WHAT THE TASK ASKS: Keep images out and repeat all data exactly.

DATA PROVIDED:
--
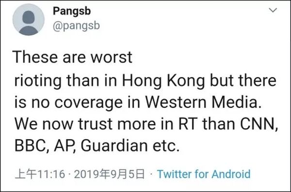 “这里有比香港更为严重的骚乱,但是西方媒体完全报道。相较于CNN、BBC、AP和卫报,我们更相信RT了。”
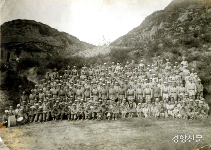 1945년 9월 옌안 나지핑(羅家坪). 1945년 9월 정율성과 항일운동 단체인 조선독립동맹의용대, 조선군정간부 300~400명이 북한으로 떠나갈 때의 모습.|정율성 선생기념사업회·광주문화재재단 제공
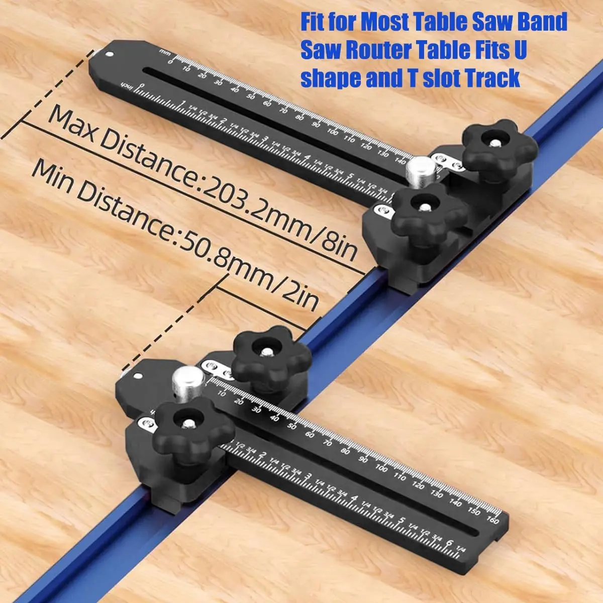 Designed for versatility, this guide fits standard 3/8" x 3/4" T-slots, U-shaped slots, and 1/4" x 3/8" T-slots. It is fully compatible with table saws, band saws, and router tables, making it a must-have woodworking accessory.
--
SOLUTION FOR THIS EXERCISE:
 “这里有比香港更为严重的骚乱,但是西方媒体完全报道。相较于CNN、BBC、AP和卫报,我们更相信RT了。”
 1945년 9월 옌안 나지핑(羅家坪). 1945년 9월 정율성과 항일운동 단체인 조선독립동맹의용대, 조선군정간부 300~400명이 북한으로 떠나갈 때의 모습.|정율성 선생기념사업회·광주문화재재단 제공
 Designed for versatility, this guide fits standard 3/8" x 3/4" T-slots, U-shaped slots, and 1/4" x 3/8" T-slots. It is fully compatible with table saws, band saws, and router tables, making it a must-have woodworking accessory.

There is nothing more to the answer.